The Ancient Cedars hike is a 5km round trip with 175m elevation gain; it takes approximately 2 hours depending on your speed and the amount of time spent at the trees grove. It is a relatively easy hike, but there are still parts that will get your heart pumping. It starts off with a few switchbacks, levels out for a while and then a short steeper hill climb, at the top of this hill there is a beautiful look out showing Showh Lake and the Soo Valley. You can have a short break, take some pictures and take in the gorgeous views. From here the trail is relatively level, you will start a loop surrounding the ancient cedars tree grove.
The Tree Grove
This is an area of the Valley that has not been logged. There are amazing gigantic cedar trees and standing beside them you feel very young and small. They are some the oldest living things in the entire Sea to Sky corridor, some 1000 years or older. The ones they lay along the forest floor will give you an even closer grasp of their size. Yellow and Red Cedars is what is most present in the grove; there will also be smaller western hemlocks and Douglas-firs.
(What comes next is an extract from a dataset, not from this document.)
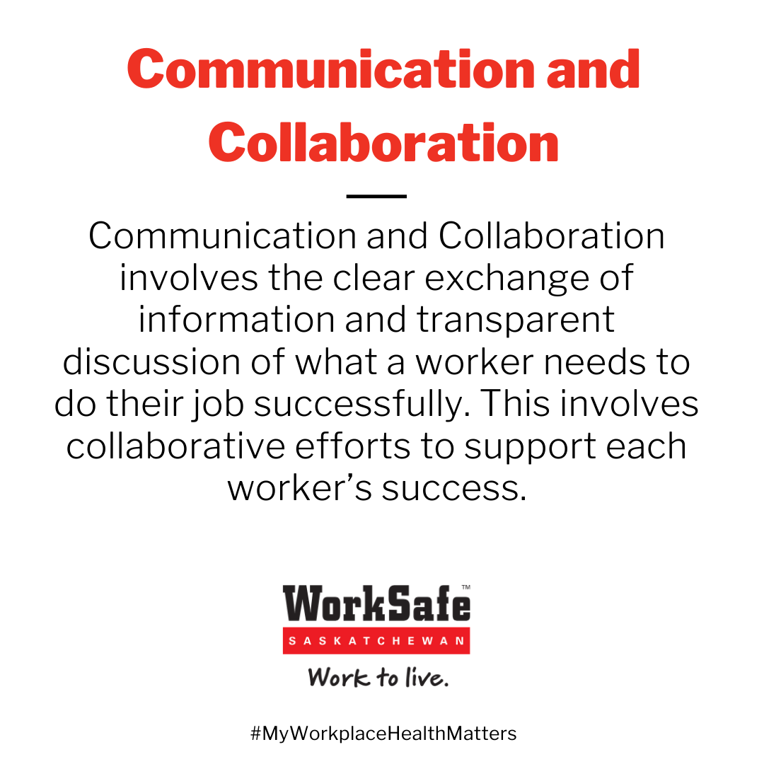 Communication and collaboration involves the clear exchange of information and transparent discussion of what a worker needs to do their job successfully. This involves collaborative efforts to support each worker’s success.

Red cedars are the larger of the two trees (often called Western Red Cedar). They grow best in moist to wet soils, with lots of nutrients. They also love lush forests, mountainsides, forested swamps and stream banks. These forests usually have a lush layer of ferns, huckleberries, and Devil's club, with a thick moss carpet on the forest floor. They can grow up to 60m tall, have drooping branches and a trunk that is often spread out wide at the base. Some trees live well over a thousand years, with the oldest verified age being 1460.
Yellow cedars are a medium-sized tree and can grow up to 24m tall. They like to grow in deep, slightly acidic, moist soils, usually as single trees, or in small clumps. It is common for them to grow in red cedar old growth stands in places such as Whistler. They are much smaller than red cedars, but this does not mean they are younger. They grow very slowly, and when compared to red cedars they can be deceptively small for their age. They have a broad, grooved trunk that spreads out widely at the base.
Access to the trail is approximately 15 min north of Whistler at the Cougar Mountain forest service road. You will need to drive passed the Adventure Group basecamp. The trailhead begins at 4.5km up this gravel road. A car will make it, but you really need a 4 wheel drive, as it is a bumpy logging road. If you go in a car, just go slow and you will be fine.
The hike is a lot shorter and less crowded than some of the bigger hikes around. Plus dogs are allowed on this trail. The sheer size and age of these cedar trees make this an 100% worthwhile hike. On your next trip to Whistler make sure to plan a few hours to visit the Ancient Cedars Tree Grove.